-- Dataset entries --
+++
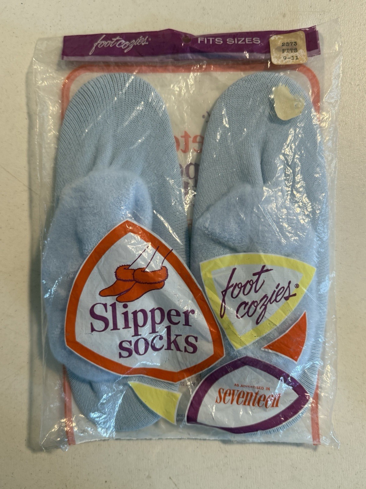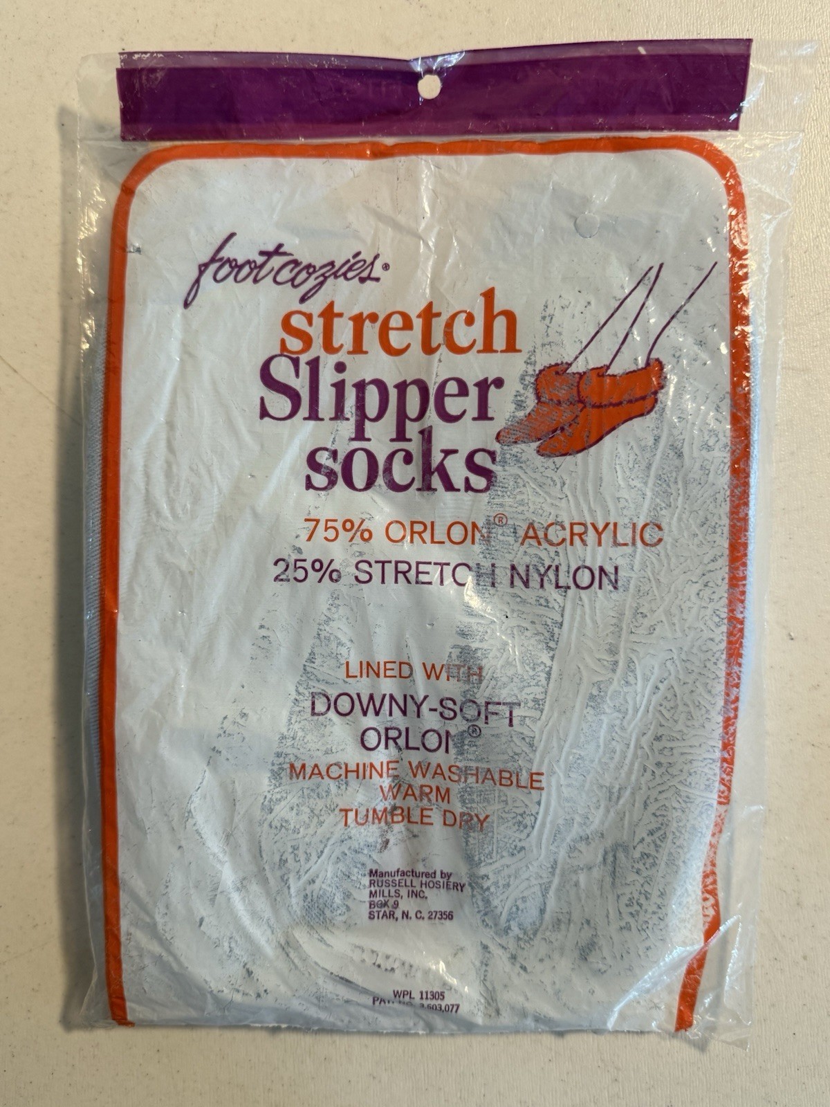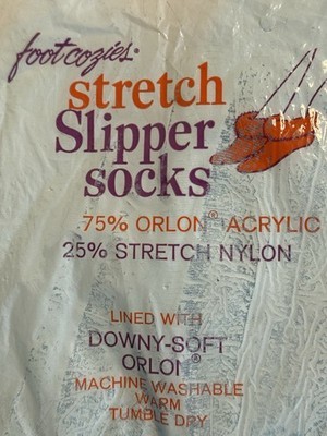 Vtg Acrylic Nylon Lined Cuffed Slipper Socks Soft Fluffy Foot Blue 9-11 New Color: Light Blue Cuffed Slipper Socks Foot Cozies Lined with Downy-Soft Orlon Machine Washable, Warm, Tumble Dry Made By Russell Hosiery Mills Inc. in Star, North Carolina USA 75% Orlon Acrylic 25% Stretch Nylon Size: 9 - 11 As advertised in Seventeen Magazine Brand new never has been opened. Hard to Find. Please see photos. Please see our other items. We have other Vintage Socks and Vintage . In N
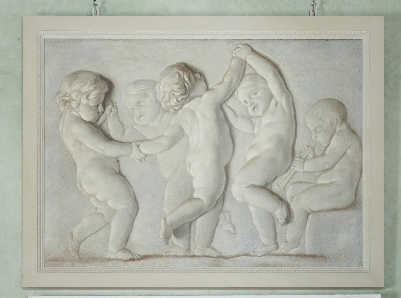 Tela dipinta a monocromo raffigurante quattro putti che danzano al suono di un flauto.
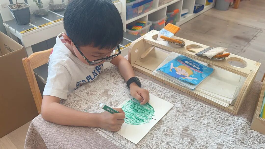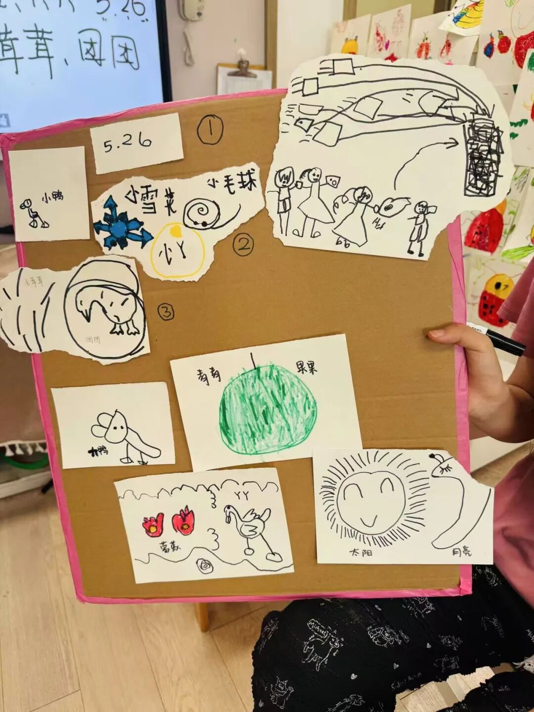 “青青” 和 “果果”,取自幼儿园的名字,孩子们就画下了结满果实的青苹果果树,旁边站着毛茸茸的两只小鸭子;“太阳” 和 “月亮”,寄托着希望大鸭鸭像日月一样常伴身边的愿望,于是灿烂的太阳、弯弯的月亮和可爱的鸭鸭一同跃然纸上。
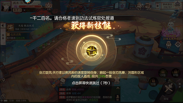 2、在这里打败一群敌人后会获得新技能的奖励,点击任意一处关闭提示;
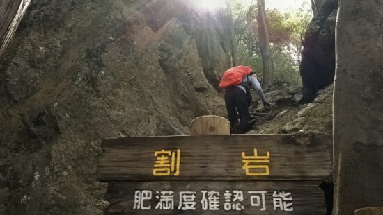 急斜面の割岩が現れました。しっかりホールドして登って行きます。
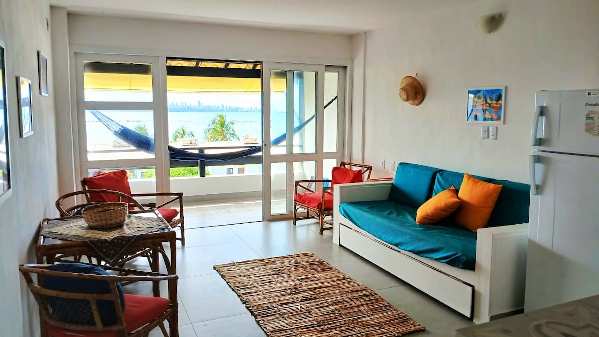 Venha relaxar neste flat calmo e cheio de estilo à beira-mar, em Mar Grande, na Ilha de Itaparica. Apartamento privativo, com um quarto (suíte), dois banheiros, cozinha americana e varanda privativa espaçosa para curtir a vista para a Baía de Todos os Santos, tendo no horizonte, Salvador. Localizado em condomínio fechado em frente à praia, com portaria 24h, serviço de camareira e estacionamento. "Ah, Quem me Dera!" é um flat cuidadosamente decorado para trazer aconchego e paz!
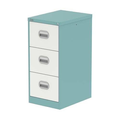 Qube 3 Drawer Filing Cabinet Pastel Turquoise And Satin White
+++
-- What needs to be done --
Copy exactly the lines that begin at the one containing "2、在这里打败一群敌人后会获得新技能的奖励,点击任意一处关闭提示;" and end at the last line of the records, both included, omitting the pictures.

-- Answer area --
 2、在这里打败一群敌人后会获得新技能的奖励,点击任意一处关闭提示;
 急斜面の割岩が現れました。しっかりホールドして登って行きます。
 Venha relaxar neste flat calmo e cheio de estilo à beira-mar, em Mar Grande, na Ilha de Itaparica. Apartamento privativo, com um quarto (suíte), dois banheiros, cozinha americana e varanda privativa espaçosa para curtir a vista para a Baía de Todos os Santos, tendo no horizonte, Salvador. Localizado em condomínio fechado em frente à praia, com portaria 24h, serviço de camareira e estacionamento. "Ah, Quem me Dera!" é um flat cuidadosamente decorado para trazer aconchego e paz!
 Qube 3 Drawer Filing Cabinet Pastel Turquoise And Satin White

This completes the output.